I'm currently in the middle of moving some of our hypervisors for upstream
systemd CI from CentOS Stream 8 to CentOS Stream 9 (as the former will go EOL
soon), and started hitting soft lockups on the guest machines (Arch Linux, both
with "stock" kernel and mainline one).

The hypervisors are AWS EC2 C5n Metal instances [0] running CentOS Stream,
which then run Arch Linux (KVM) VMs (using libvirt via Vagrant) - cpuinfo from
one of the guests is at [1].

The "production" hypervisors currently run CentOS Stream 8 (kernel
4.18.0-548.el8.x86_64) and everything is fine.

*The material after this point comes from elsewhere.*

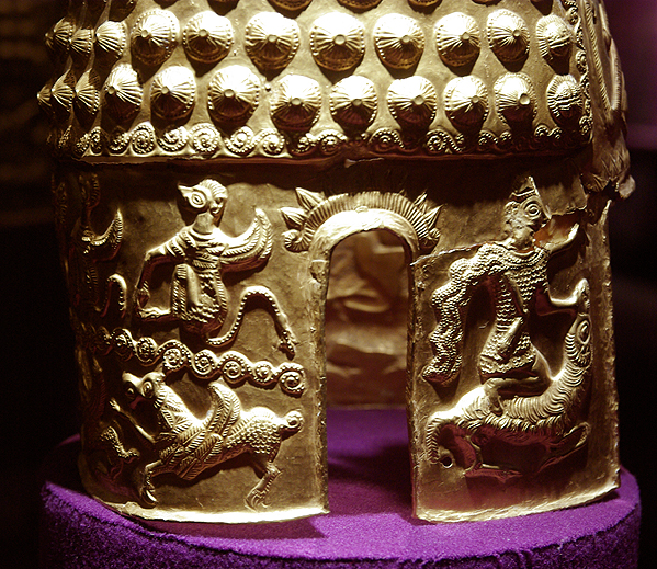 A Geto-Dacian helmet dating from the first half of the 4th century BC, uncovered by chance. Mythological scene on the side.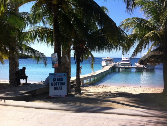 Roatan

However, after trying to upgrade
a couple of them to CentOS Stream 9 (kernel 5.14.0-432.el9.x86_64) the guests
started exhibiting frequent soft lockups when running just the systemd unit
test suite.

I played around with the kernel version inside the guest and it doesn't seem to
make a difference - I could reproduce the issue with kernels 6.6.24-1
(linux-lts), 6.8.2.arch2-1 (linux), and 6.9.0-rc2-1-mainline (linux-mainline).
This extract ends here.